Кто прав – строгий профессор в академических очках, при галстуке, с портфелем, настаивающий на герменевтических принципах анализа, или же дерзкий его аспирант-постмодернист, в джинсах, футболке, с теннисной ракеткой в сумке, уверенный, что, выйдя на литературный корт, переиграет-таки автора? Трудно сказать. Правда – и у того, и у другого. И не просто где-то посредине (как примиряюще скажет оппонент, пытаясь разрешить на ученом совете спор профессора со своим шкодливым учеником) – а именно у обоих. Из этих двух правд и складывается наше более или менее целостное восприятие текста – такое, каким оно может быть на сегодняшний момент, когда от повести «Демгородок» (1991–1993) и романа «Козленок в молоке» (1994) нас отделяет больше чем два с половиной десятилетия.

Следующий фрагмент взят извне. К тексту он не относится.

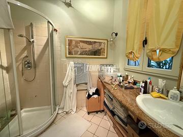 BAGNO FINESTRATO con box doccia e top in marmo.

Автор этих строк разрывается между двум фигурами, ведущими спор о сатире Ю. Полякова. Прекрасно помня события и жизненные реалии начала 90-х, погружаясь в знакомый до боли литературный быт, вспоминая бутерброды с выжимкой из борща, какие подавали в качестве закуски в буфете ЦДЛ, пишущую машинку «Эрика» (полный раритет!), двухкассетные магнитофоны, привозимые из заграничных командировок (кто знает сейчас, что это такое?!), он испытывает соблазн выстроить разговор о сатире Полякова как историко-литературный комментарий романа «Козленок в молоке» и реальный (политический, идеологический) – повести «Демгородок». К этому, в идеале, и сводится герменевтический метод – к подробнейшему комментарию всех обстоятельств, породивших текст и повлиявших на автора. Тогда задачей критика было бы скрупулезное исследование круга общения Юрия Полякова в период создания «Козленка в молоке», подробнейший анализ возможных прототипов, поиски соответствий реальных фигур литературного процесса рубежа 80-90-х героям романа. При обращении к повести «Демгородок» необходимо предпринять подробный анализ публицистики писателя и по возможности обнаружить политические реалии перестроечной и постперестроечной эпохи, а также реальных политических деятелей того времени, черты, высказывания, манеры которых отразились в образах обитателей Демгородка или же, наоборот, их главного политического оппонента адмирала А.М. Рыка, носящего гордое звание «Избавителя Отечества». В сущности, сделать это, с одной стороны, нетрудно: уж очень узнаваемы речевые, портретные, поведенческие детали, с помощью которых создаются образы двух враждующих президентов, занимающихся возделыванием своих огородов за колючей проволокой Демгородка, или же адмирала, воссозданные в политических обстоятельствах эпохи. В этом случае победу одержит очкастый профессор, поборник герменевтических принципов литературоведения, и читателю предстоит довольствоваться подробнейшим комментарием, который по объему может превысить сам комментируемый текст, а писателю с этим придется смириться.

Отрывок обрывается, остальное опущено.